Here are the answers with discussion for this Weekend’s Quiz. The information provided should help you work out why you missed a question or three! If you haven’t already done the Quiz from yesterday then have a go at it before you read the answers. I hope this helps you develop an understanding of modern monetary theory (MMT) and its application to macroeconomic thinking. Comments as usual welcome, especially if I have made an error.

Question 1:

Estimates of cyclical fiscal balances by the IMF and other bodies are typically biased upward.

The answer is False.

The answer relies on the knowledge that the implicit estimates of potential GDP that are produced by central banks, treasuries and other bodies are too pessimistic.

The reason is that they typically use the NAIRU to compute the “full capacity” or potential level of output which is then used as a benchmark to compare actual output against. The reason? To determine whether there is a positive output gap (actual output below potential output) or a negative output gap (actual output above potential output).

These measurements are then used to decompose the actual fiscal outcome at any point in time into structural and cyclical fiscal balances. The fiscal components are adjusted to what they would be at the potential or full capacity level of output.

So if the economy is operating below capacity then tax revenue would be below its potential level and welfare spending would be above. In other words, the fiscal balance would be smaller at potential output relative to its current value if the economy was operating below full capacity. The adjustments would work in reverse should the economy be operating above full capacity.

If the fiscal outcome is in deficit when computed at the ‘full employment’ or potential output level, then we call this a structural deficit and it means that the overall impact of discretionary fiscal policy is expansionary irrespective of what the actual fiscal outcome is presently.

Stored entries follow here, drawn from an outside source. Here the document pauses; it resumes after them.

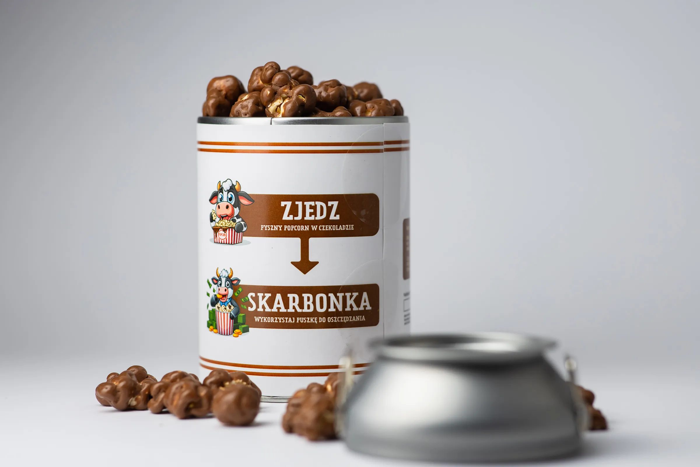 Opakowanie w formie skarbonki dodaje produktowi nie tylko uroku, ale także funkcjonalności - po zakończeniu jedzenia popcornu można wykorzystać je jako oryginalną skarbonkę.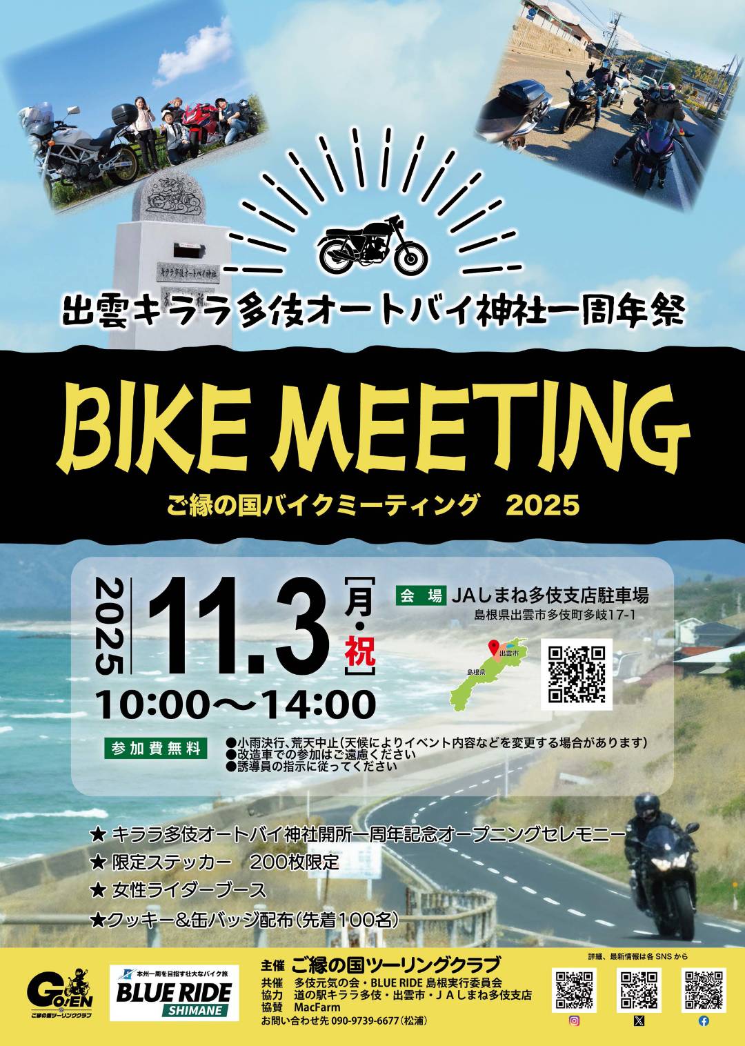 昨年出雲市多伎町に誕生した「第39号キララ多伎オートバイ神社」の一周年を祝い、全てのライダーの交通安全とライダー同士の交流、地域活性化を目的に、多伎元気な会、BLUE RIDE島根実行委員の皆さんと一緒に開催します。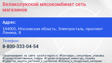Великолукский мясокомбинат, сеть магазинов по адресу 144005, Московская область, Электросталь, проспект Ленина, 8 в дальнейшем Организация, размещена в следующих категориях: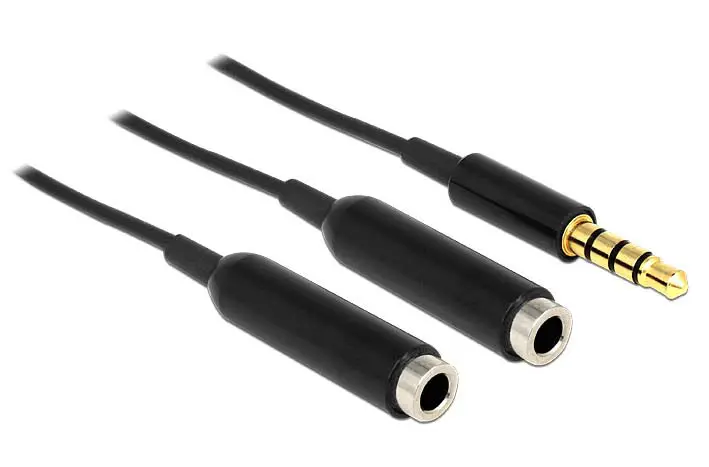This audio stereo jack cable by Delock can be connected to a free stereo jack female port of your iPhone, iPod, iPad etc. in order to get two stereo jack female interfaces. Thus two persons can easily listen to music or similar, through their headphones.

If it is in surplus, then we have a structural surplus and it means that the overall impact of discretionary fiscal policy is contractionary irrespective of what the actual fiscal outcome is presently.

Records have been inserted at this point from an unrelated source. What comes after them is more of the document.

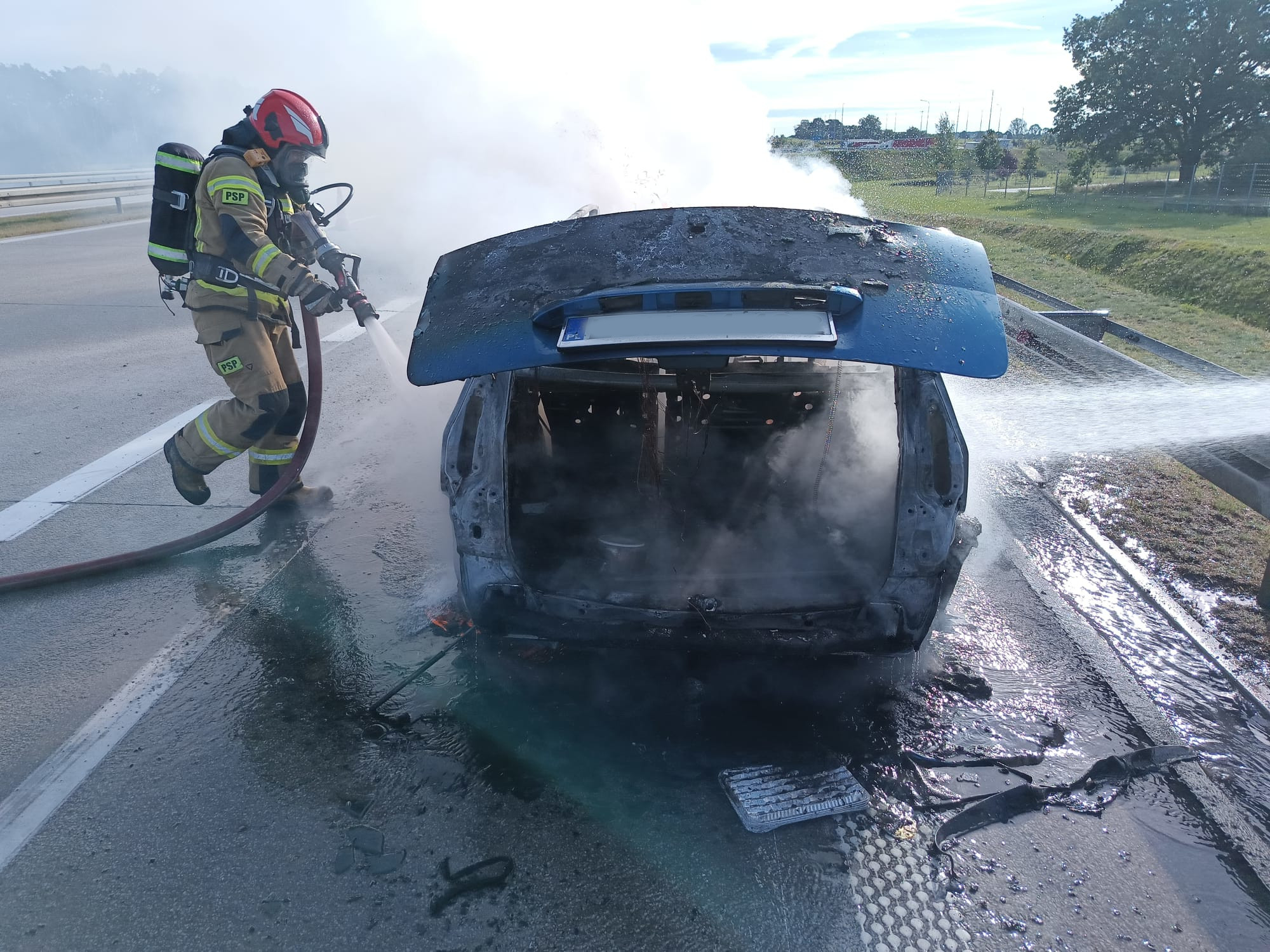 Po przyjeździe zastępów na miejsce zdarzenia zastano pojazd marki Renault stojący w płomieniach na pasie zjazdowym z autostrady. Na miejscu obecne były służby utrzymania autostrady. Kierowca samochodu znajdował się poza pojazdem. Nie odniósł on obrażeń. Działania zastępów polegały na zabezpieczeniu miejsca zdarzenia i ugaszeniu palącego się pojazdu. W działaniach udział brały zastępy z OSP Torzym i JRG Sulęcin.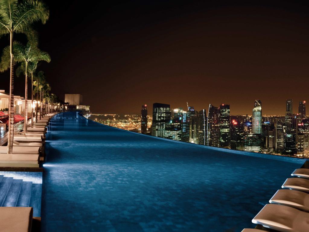 Tidak hanya identik dengan alam yang natural dan asri, ternyata salah satu kolam renang terindah di dunia juga dapat ditemui di tengah hutan beton kota Singapura yang modern. Saat berenang di kolam renang ini, kamu seperti merasakan melayang di antara gedung-gedung pencakar langit. Pasalnya, kolam renang yang membentang di areal atap salah satu hotel bintang lima ini dibuat pada ketinggian 500 kaki.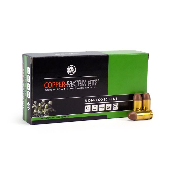 Copper Matrix NTF Bullets contain no toxic heavy metals such as lead. Frangible bullet construction immediately disintegrates into small fragments upon striking a hard steel surface. Back splatter is eliminated. Ricochet potential is significantly reduced. Copper Matrix NTF ammunition functions reliably with duty weapons without modification.
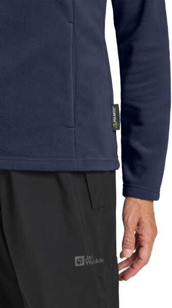 Кофта Taunus от Jack Wolfskin изготовлена из легкой переработанной ткани polartec серии 100 с гладкой поверхностью и эластичной структурой. Она прекрасно подходит в качестве первого слоя или легкого промежуточного слоя для переходных сезонов и активных занятий.
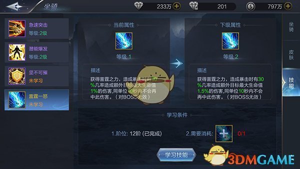 当玩家的坐骑满足条件后就能学习技能了。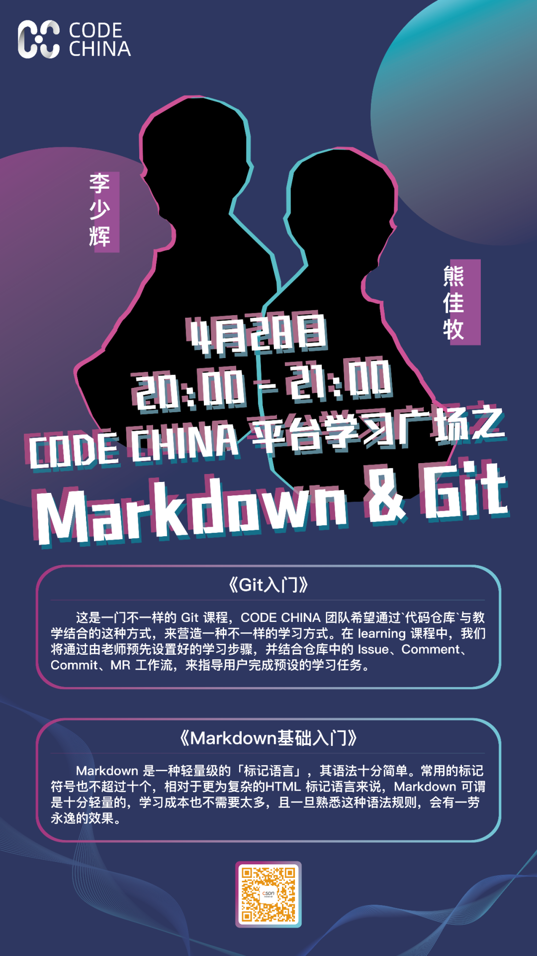 直播主题: CODE CHINA平台学习广场之Markdown、Git

So you could have a downturn which drives the fiscal balance into a deficit but the underlying structural position could be contractionary (that is, a surplus). And vice versa.

The difference between the actual fiscal outcome and the structural component is then considered to be the cyclical fiscal outcome and it arises because the economy is deviating from its potential.

As you can see, the estimation of the benchmark is thus a crucial component in the decomposition of the fiscal outcome and the interpretation we place on the fiscal policy stance.

If the benchmark (potential output) is estimated to be below what it truly is, then a sluggish economy will be closer to potential than if you used the true full employment level of output. Under these circumstances, one would conclude that the fiscal stance was more expansionary (the structural deficit was larger) than it truly was.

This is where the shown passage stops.